Supreme Court Ends California Disclosure Rule

California non-profits are no longer required to disclose their donors. Californian law has a particular rule that requires all charitable and non-profit organizations to disclose the names of their...

California non-profits are no longer required to disclose their donors.

Californian law has a particular rule that requires all charitable and non-profit organizations to disclose the names of their contributors. This law was put in place to combat the increase of “dark money” politics, anonymous donations from politicians intended to garner favor without affecting their public optics. Unfortunately, as of today, that rule is no longer a rule.

The United States Supreme Court has invalidated the disclosure rule with a 6-3 ruling along party lines.

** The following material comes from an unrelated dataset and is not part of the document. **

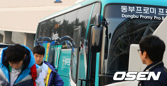 6일 오후 경기 일산동구 고양시 고양체육관에서 진행된 2012-2013 KB국민카드 프로농구 고양 오리온스와 원주 동부 경기, 경기에 앞서 동부 선수들이 구단 버스에서 내리고 있다.

“The upshot is that California casts a dragnet for sensitive donor information from tens of thousands of charities each year, even though that information will become relevant in only a small number of cases involving filed complaints,” Chief Justice John Roberts wrote.

Justice Sonia Sotomayor fired back, saying that the ruling will allow a greater influx of anonymous, potentially fraudulent money to pass through charities. She added that the court “trades precision for blunt force” and creates a “significant risk that it will topple disclosure regimes that should be constitutional.”

The challenge was originally raised by the American for Prosperity Foundation and the Thomas More Law Center, conservative non-profit organizations that the state had failed to provide a compelling reason for the rule’s existence.